Nerang National Park (commonly referred to as Nerang State Forest) is a national park in Queensland, Australia situated on the Gold Coast. The protected area is located 12 km from Surfers Paradise on Nerang’s north-west outskirts.

Nerang National Park is known for its variety of birds, trails, and views. Making it a popular place for mountain bike riders, bushwalkers and bird watchers.

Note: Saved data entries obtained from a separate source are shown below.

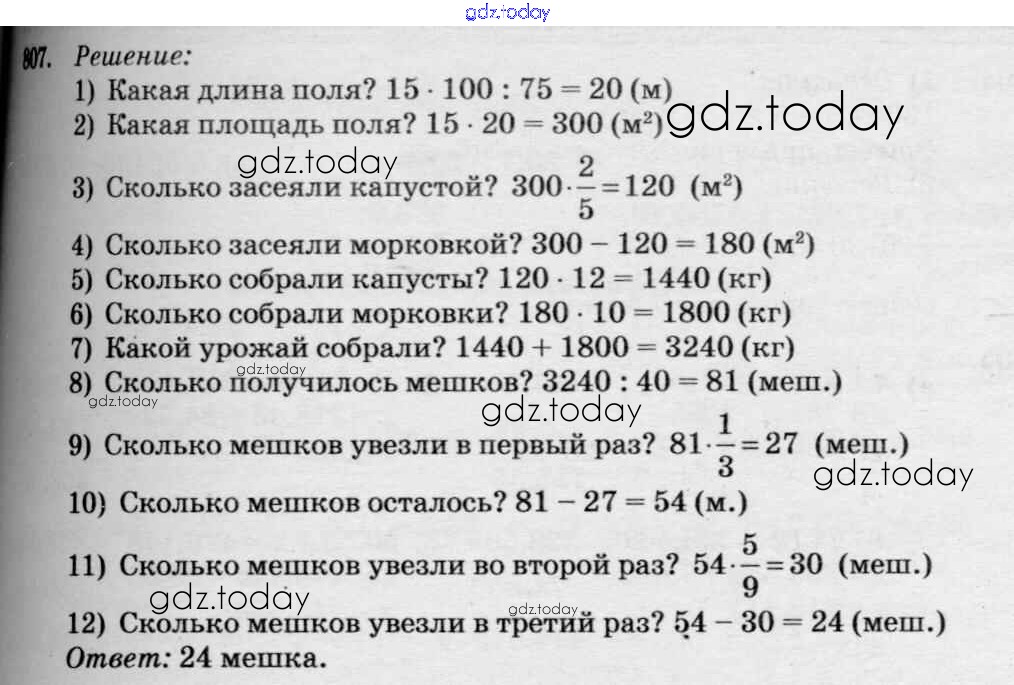 Ответы к Часть 2. Решение к упражнениям 807 Учебнику по Математике для 5 класса Петерсон, Дорофеев Ювента 2014
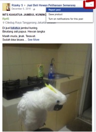 Terlibat Sebagai masyarakat, Anda bisa membantu mengurangi aksi perdagangan satwa liar dilindungi di Facebook yang telah melakukan kerja sama dengan berbagai pihak dalam hal pelaporan perdagangan satwa liar. Berikut, tahapan yang bisa Anda lakukan bila melihat grup yang memperdagangkan satwa liar. Dalam beberapa bulan ini, beberapa grup sudah ditutup. 1. Klik “tanda panah kebawah” pilih opsi “Report Post”.
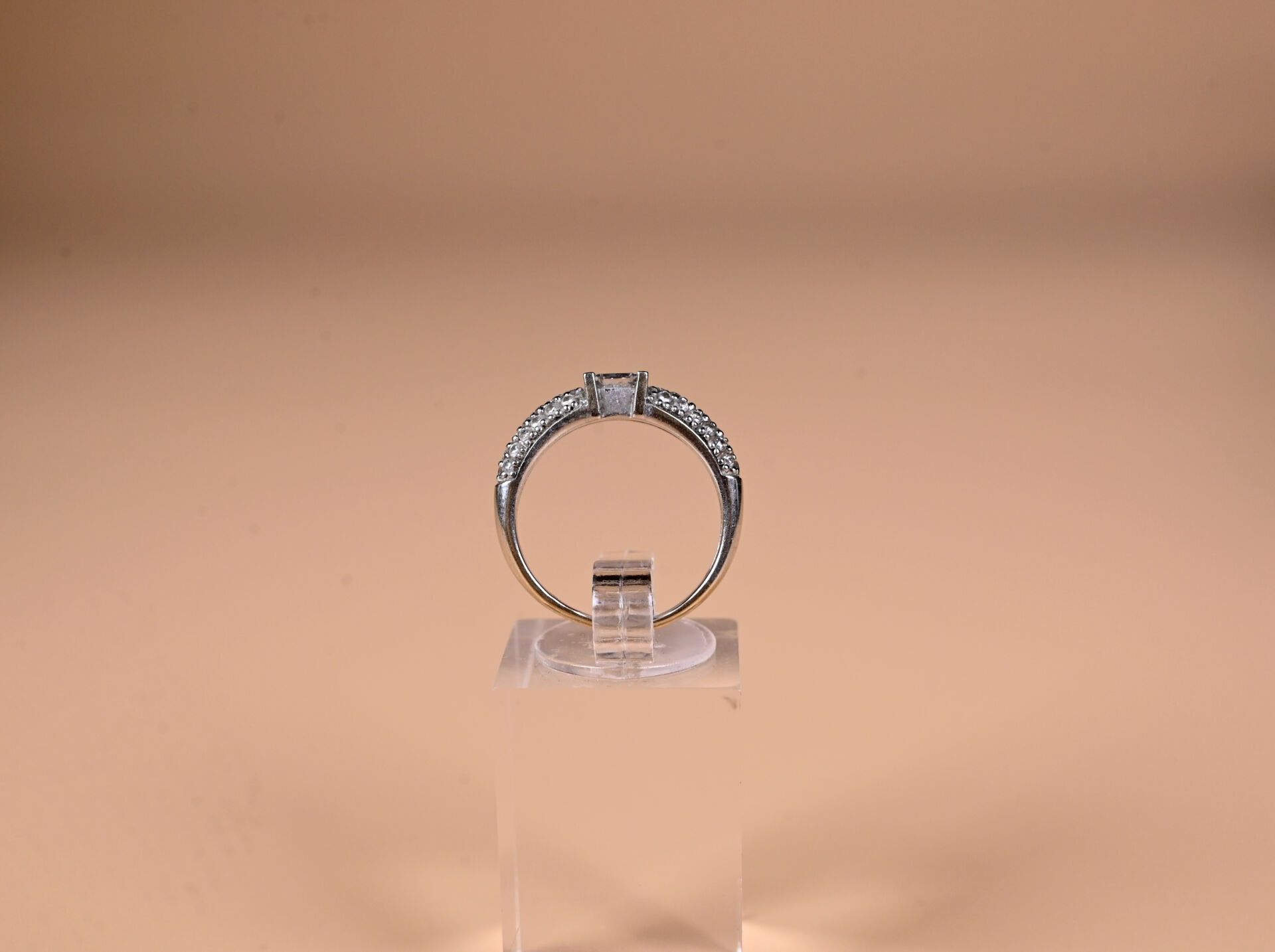 Ring in 18k 750 thousandths white gold centred on a princess…
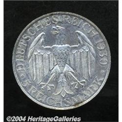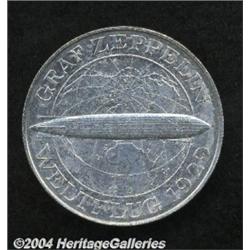 <B>Weimar Republic. Zeppelin 5 Mark 1930-G, </B></I>KM68, lustrous AU-UNC, scarce and popular type. <BR><BR><B>Important notice:</B> Heritage usually auctions material at the rate of 200-250 lots per hour. On some occasions eBay Live bid software or the Internet may not be able to keep up with the pace of the auction. We recommend placing a realistic absentee bid now as insurance to avoid disappointment. Occasionally the auctioneer may eliminate or reject an eBay Live bid, and the auctioneer may also reopen a lot after the close of the eBay live bidding (usually because we missed an audience bid), and may reject your bid even if it shows you as the winning bidder. By bidding via eBay Live, you agree that Heritage may award the lot to another bidder at its sole discretion under the circumstances described above or any other reasonable circumstances. Since eBay bids are not shown to us until we open the lot on the floor, we treat those bids just like floor bids. In most cases the floor responds before the eBay bid is presented to us, due to Internet lag time, so for consistency we have made it a policy that floor bids are always considered first over tie eBay live bids. Also please note that all Heritage lots purchased through eBay Live carry a 20% Buyer's Premium. Please make sure you read the Terms and Conditions before you bid.

Nerang National Park is of cultural significance to the local indigenous people, the Kombumerri clan.

==Environment==
Nerang National Park is an open forest environment providing a habitat for lot of native and non-native animals. The land of the Nerang National Park is around 100 m above sea level and located 8 km from the Pacific Ocean. The Nerang National Park is mostly small-large hills. Both the Coombabah and Saltwater creeks run through the Nerang National Park. The soil in the park is mostly clay and limestone though near rivers and in fertile areas the soil is more loamy and aerated.

Nerang National Park

Towards the centre of Nerang National Park is a small patch of critically endangered subtropical lowland rainforest, listed under the EPBC Act 1999. This area of the National Park is the headwaters of the Ramsar-listed Coombabah Lake Conservation Park, an area of international conservation significance. There are several threatened fauna species that reside in Nerang National Park including the greater glider, koala, glossy black-cockatoo, Richmond birdwing butterfly, grey-headed flying fox, powerful owl, echidna, and tusked frog. Conservation-significant flora known to occur in Nerang National Park include Rhodamnia rubescens, Rhodomyrtus psidioides, Cassia marksiana, Endiandra floydii, Endiandra hayesii, Macadamia integrifolia, Sophora fraseri, Randia moorei, Leichhardtia coronata, and Leichhardtia longiloba. Two near threatened rainforest plant species are known to occur in the gullies and along the wetter creeks, Richmond birdwing butterfly vine and the long-leaved tuckeroo.

==Recreation==
The Nerang National Park is used for all sorts of sports such as horse riding, mountain biking and trail running. The park consist of many fire trails and tracks making it very popular for bike riding, horse riding and walking.